DATA RECORDS ->

Segment Open

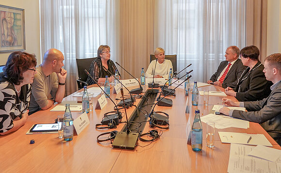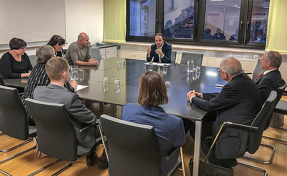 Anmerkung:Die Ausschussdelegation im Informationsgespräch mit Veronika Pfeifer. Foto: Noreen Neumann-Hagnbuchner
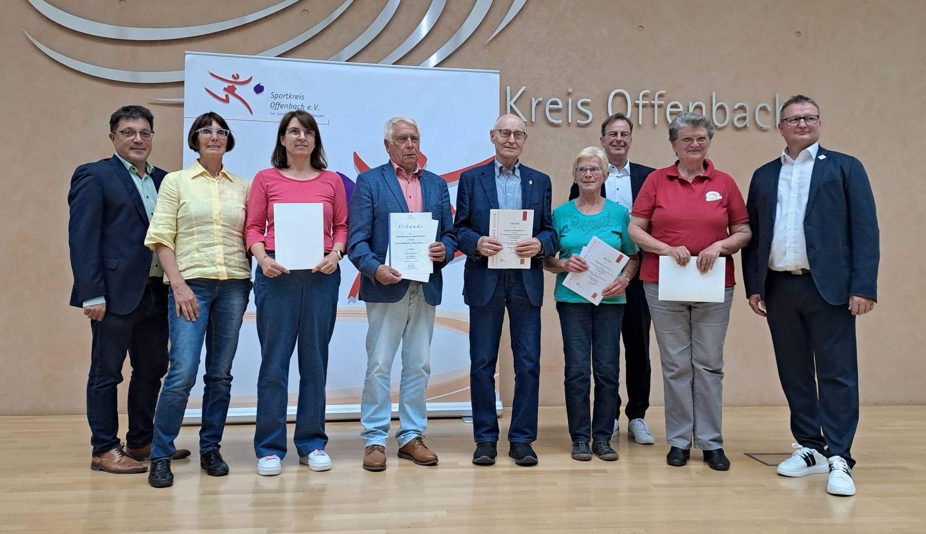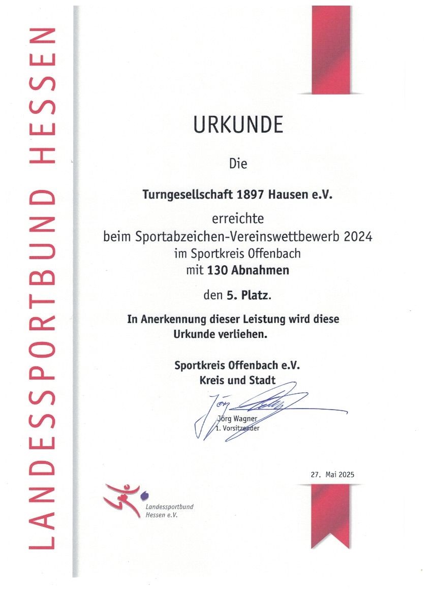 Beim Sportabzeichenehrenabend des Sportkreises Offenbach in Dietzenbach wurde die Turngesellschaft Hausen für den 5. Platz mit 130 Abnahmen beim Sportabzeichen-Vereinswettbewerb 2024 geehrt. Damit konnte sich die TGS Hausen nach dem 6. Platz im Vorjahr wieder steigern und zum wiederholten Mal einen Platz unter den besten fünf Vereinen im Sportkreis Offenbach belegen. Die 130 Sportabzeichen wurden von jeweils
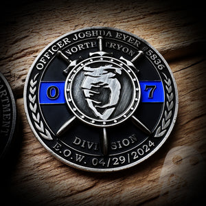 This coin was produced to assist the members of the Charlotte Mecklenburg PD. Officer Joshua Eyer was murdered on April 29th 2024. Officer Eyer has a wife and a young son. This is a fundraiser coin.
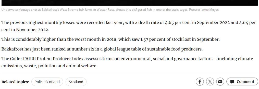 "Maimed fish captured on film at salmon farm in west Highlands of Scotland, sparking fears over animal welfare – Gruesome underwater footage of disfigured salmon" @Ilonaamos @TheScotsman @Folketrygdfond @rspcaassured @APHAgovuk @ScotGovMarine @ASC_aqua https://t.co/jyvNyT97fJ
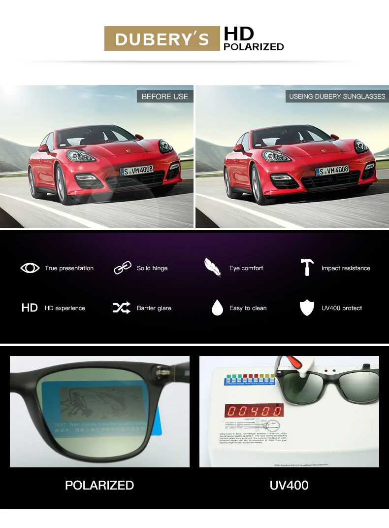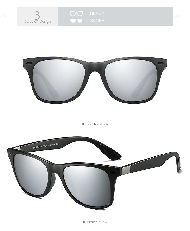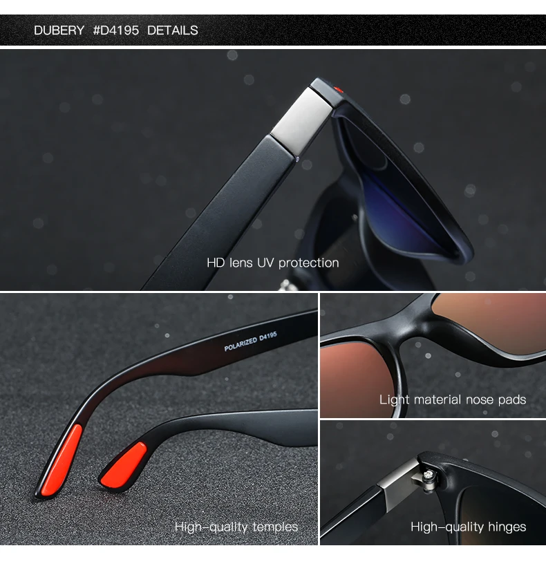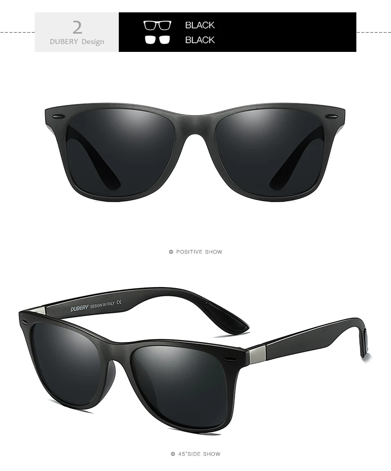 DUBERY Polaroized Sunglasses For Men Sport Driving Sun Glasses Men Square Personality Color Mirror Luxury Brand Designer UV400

Segment Closed

EXERCISE AIM -> Return the material from above in full, exactly as written, with the pictures omitted.

YOUR SOLUTION ->
 Anmerkung:Die Ausschussdelegation im Informationsgespräch mit Veronika Pfeifer. Foto: Noreen Neumann-Hagnbuchner
 Beim Sportabzeichenehrenabend des Sportkreises Offenbach in Dietzenbach wurde die Turngesellschaft Hausen für den 5. Platz mit 130 Abnahmen beim Sportabzeichen-Vereinswettbewerb 2024 geehrt. Damit konnte sich die TGS Hausen nach dem 6. Platz im Vorjahr wieder steigern und zum wiederholten Mal einen Platz unter den besten fünf Vereinen im Sportkreis Offenbach belegen. Die 130 Sportabzeichen wurden von jeweils
 This coin was produced to assist the members of the Charlotte Mecklenburg PD. Officer Joshua Eyer was murdered on April 29th 2024. Officer Eyer has a wife and a young son. This is a fundraiser coin.
 "Maimed fish captured on film at salmon farm in west Highlands of Scotland, sparking fears over animal welfare – Gruesome underwater footage of disfigured salmon" @Ilonaamos @TheScotsman @Folketrygdfond @rspcaassured @APHAgovuk @ScotGovMarine @ASC_aqua https://t.co/jyvNyT97fJ
 DUBERY Polaroized Sunglasses For Men Sport Driving Sun Glasses Men Square Personality Color Mirror Luxury Brand Designer UV400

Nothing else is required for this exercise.